Nous n’avons pas vraiment pensé à l’incidence de cette innovation. À l’époque, nous voulions simplement améliorer notre efficacité et notre capacité de prévision sans modèles ni miniatures, en plus de déterminer plus tôt où nous devions placer l’éclairage sur le plateau, combien de temps un plan nécessiterait, comment nous installerions le squelette, où nous pouvions disposer le matériel pour les plateformes de contrôle du mouvement, etc. Donc, il s’agissait de répondre à autant de questions que possible avant le stade de la production, le jour du tournage.

C’est très semblable dans l’animation. Lorsque nous passons du processus narratif à la production, nos équipes doivent connaître le plan, car en accordant plus de temps à nos créateurs et techniciens pour effectuer leur travail, nous obtenons une meilleure image à la fin.

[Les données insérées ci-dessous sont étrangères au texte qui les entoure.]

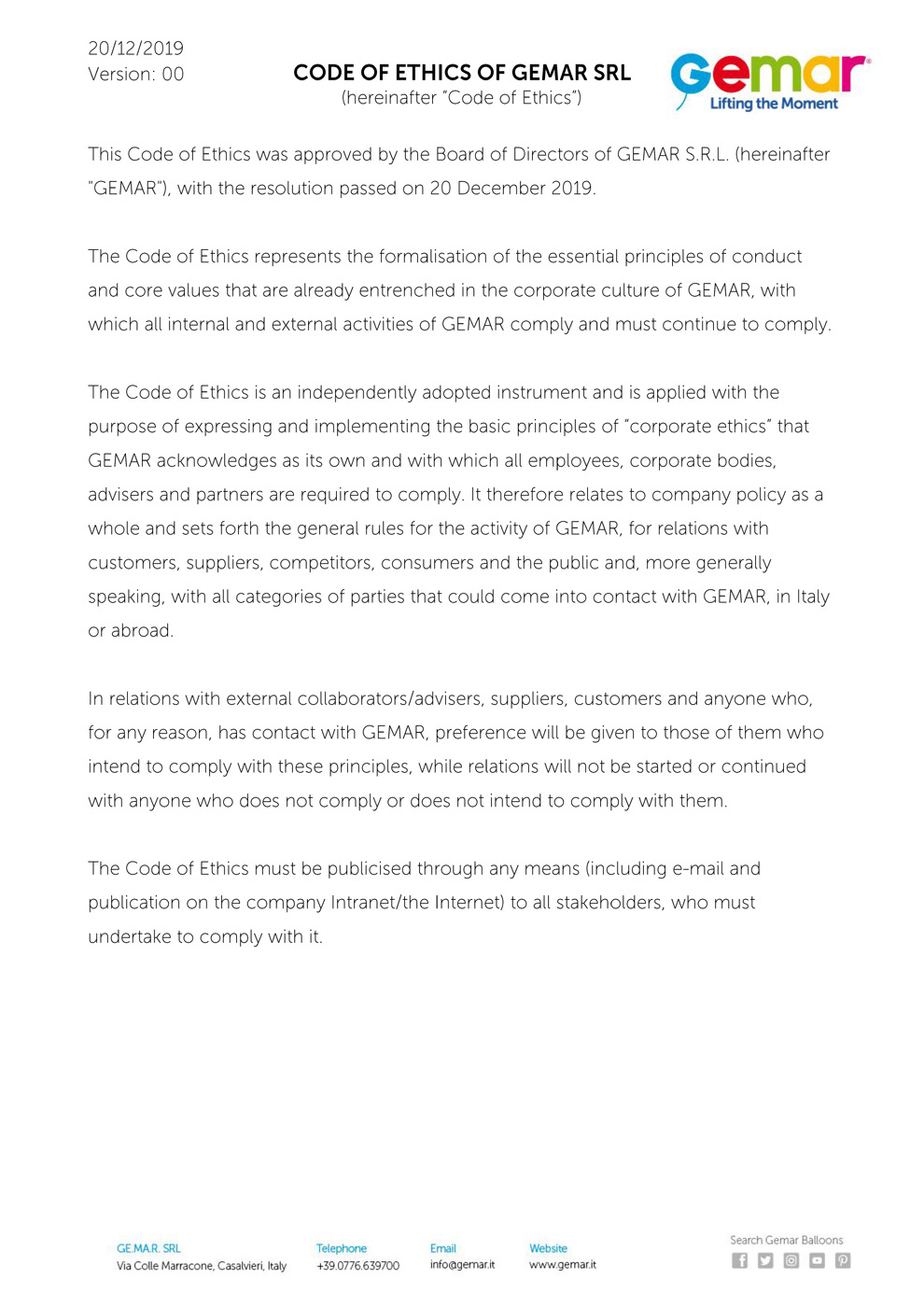 The Gemar® company is always trying to improve and every time sets itself the task of conquering new heights. After all, we want future generations to live in a world where there is more kindness and caring for nature. At the same time, we strive to act legally and safely. On this page you can view and download our current certificates, policies and other important documents.

Dans le cas de notre projet de court métrage actuel, nous envisageons sérieusement de recourir à des outils de production en temps réel pour voir leur effet sur l’animation. Cette option pourrait nous aider à proposer aux cinéastes des façons différentes de raconter des histoires. Ces outils sont fortement axés sur la collaboration. Ils permettent à un réalisateur de consulter le fichier d’une scène pendant que l’artiste travaille en temps réel au projet, au lieu d’attendre 15 heures pour voir la modification apportée à un seul commentaire. Ils pourraient changer notre façon de produire des projets d’animation. Le but n’est pas d’accélérer l’avancement du projet, mais de nous montrer plus collaboratifs auprès des cinéastes.

Quels conseils donneriez-vous aux jeunes artistes qui s’intéressent à la narration et qui envisagent une carrière dans notre industrie?

Aujourd’hui, notre téléphone est plus puissant que l’ensemble des installations que nous utilisions lorsque j’ai commencé à travailler dans l’industrie cinématographique. Je pense que les jeunes cinéastes doivent se débarrasser de l’idée qu’ils « n’y arriveront pas parce qu’ils n’ont pas de caméras ou autre chose », car il est tout à fait possible d’assurer la conceptualisation, le tournage, la conception sonore et le montage d’un film avec un téléphone. Donc, je pense que la technologue doit, et peut, éliminer des obstacles. En fait, l’idée préconçue qu’il nous faut un équipement d’une valeur d’un million de dollars pour tourner et mettre à l’essai un film est tout simplement erronée. Je leur conseillerais de réunir un groupe d’amis pour raconter des histoires, tout simplement, d’y aller franchement, sans hésiter. Tout le monde a une histoire à raconter, il suffit de sauter le pas et de foncer. Dès qu’ils auront réalisé un premier court métrage de huit minutes avec leurs amis, ils seront des cinéastes, des scénaristes. Ensuite, il s’agit de trouver quelqu’un qui veut payer pour le film.

Je pense qu’au lieu de se demander si leur équipement est assez sophistiqué, ils devraient montrer aux autres qu’ils arrivent à innover avec moins d’équipement. S’ils parviennent à raconter une histoire avec un équipement moins spécialisé, c’est presque plus impressionnant, car s’ils obtiennent ce résultat avec leur téléphone, imaginez les exploits qu’ils pourraient réaliser avec une équipe de tournage et de l’équipement professionnels. Trop souvent, nous nous mettons des bâtons dans les roues en pensant qu’il nous faut toutes sortes de choses sophistiquées.

En ce qui a trait à la photographie, quand les appareils-photo numériques sont arrivés sur le marché, tout le monde pensait qu’ils allaient mettre en péril la photographie. Il m’est souvent arrivé de souhaiter que j’aie pu prendre une photo, mais je ne peux pas traîner un appareil gigantesque partout. Par contre, je dispose toujours de mon téléphone, et bien que je ne puisse pas imprimer ces photos avec une résolution extraordinaire, je prends plus de photos et j’expérimente davantage depuis que je transporte mon téléphone dans ma poche.

Je continue de sortir régulièrement avec mon équipement photo, mais mon téléphone me permet d’expérimenter. Quand je vois quelque chose d’intéressant, je le sors de ma poche et je pends des photos sans hésiter. Je pense qu’il faut oser essayer des choses et raconter ses histoires avec les moyens du bord.